**Data excerpt:**
━━━━
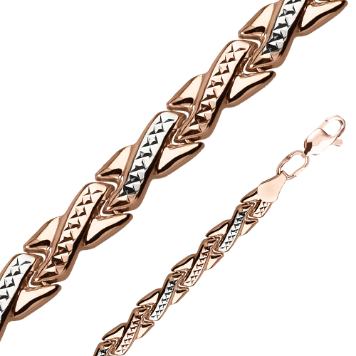 Крупный браслет с выразительным геометрическим мотивом, созданный из красного и белого золота 585 пробы с обработкой «алмазная грань»
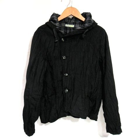 ☆美品☆i+mu*センソユニコ*絞りデザイン*フーデッド*ジャケット*Sensounico i+mu*レディース*通年*サイズ40*黒*裏地チェック柄 |
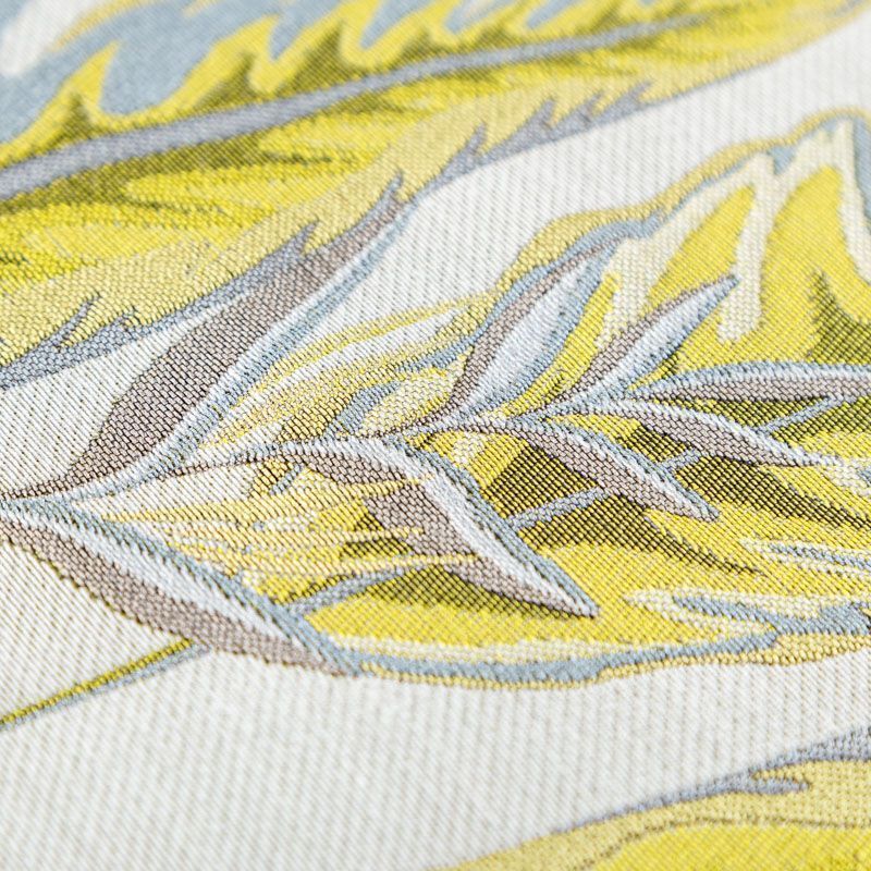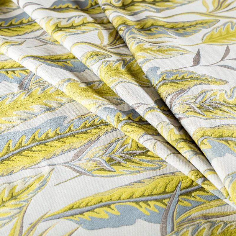 Акцентная жаккардовая ткань с потрясающим растительно-анималистическим дизайном в желтых цветах из коллекции Бродсфорт известного бренда Fryett's. Ткань средней плотности, имеет фактурную, матовую поверхность, прекрасно держит форму. Ткани этой коллекции прекрасно впишутся в традиционный и современный интерьер в качестве римской или классической шторы, подушек, обивки мебели.
━━━━
**Problem requirements:** Could the material above be given again exactly, pictures excluded?

**Answer to this exercise:**
 Крупный браслет с выразительным геометрическим мотивом, созданный из красного и белого золота 585 пробы с обработкой «алмазная грань»
 ☆美品☆i+mu*センソユニコ*絞りデザイン*フーデッド*ジャケット*Sensounico i+mu*レディース*通年*サイズ40*黒*裏地チェック柄 |
 Акцентная жаккардовая ткань с потрясающим растительно-анималистическим дизайном в желтых цветах из коллекции Бродсфорт известного бренда Fryett's. Ткань средней плотности, имеет фактурную, матовую поверхность, прекрасно держит форму. Ткани этой коллекции прекрасно впишутся в традиционный и современный интерьер в качестве римской или классической шторы, подушек, обивки мебели.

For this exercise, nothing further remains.